Detta impignorabilità, pur non essendo rilevabile d’ufficio, può essere rilevato dall’ufficiale
giudiziario che, riscontrandola, può evitare il pignoramento salva espressa richiesta del debitore.
Oltre ai beni assolutamente impignorabili, esistono dei beni relativamente impignorabili (es. le
cose che il proprietario di un fondo tiene per la coltivazione  il loro pignoramento separato
dall’immobile è ammesso solo se mancano altri beni mobili)
L’intervento dei creditori (artt. 525 – 528)
L’INTERVENTO TEMPESTIVO
L’intervento è tempestivo quando il ricorso con cui si chiede di partecipare alla distribuzione del
ricavato sia inoltrato:
 “non oltre la prima udienza fissata per l’autorizzazione della vendita o dell’assegnazione”,
se il valore dei beni pignorati sia superiore a 20.000 €;
 non oltre la data di presentazione del ricorso con cui il creditore procedente fa istanza di
vendita o di assegnazione, nel caso contrario in cui il valore dei beni pignorati non superi i
20.000 €.
Dell’intervento il cancelliere dà notizia al creditore pignorante.
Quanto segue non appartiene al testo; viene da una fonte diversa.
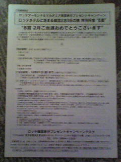 ハガキ分のロッテの韓国旅行B賞〔2月〕当選通知が届きました。

I creditori intervenuti tempestivamente hanno diritto di partecipare alla distribuzione del ricavato in
parità con ogni altro e, se muniti di titolo, possono anche compiere atti esecutivi, e cioè chiedere la
vendita o l’assegnazione dei beni pignorati, oppure ancora la distribuzione del denaro colpito dal
pignoramento o quella del ricavato.
Il creditore pignorante ha la facoltà di indicare agli intervenuti in udienza o con atto notificato
l’esistenza di altri beni mobili pignorabili, invitandoli a pignorarli o ad anticipargli le spese
necessarie. Se costoro rifiutano senza giusto motivo, o non rispondono all’invito entro 10 gg., sono
postergati in sede distributiva rispetto al creditore pignorante.
INTERVENTO TARDIVO
L’intervento è tardivo quando sia posteriore alle fasi processuali indicate relativamente
all’intervento tempestivo.
L’intervento in discorso è possibile finché la distribuzione del ricavato non sia definitivamente
chiusa, e quindi anche in caso di sospensione totale o parziale della stessa per l’insorgere di
opposizioni o contestazioni ex art. 512.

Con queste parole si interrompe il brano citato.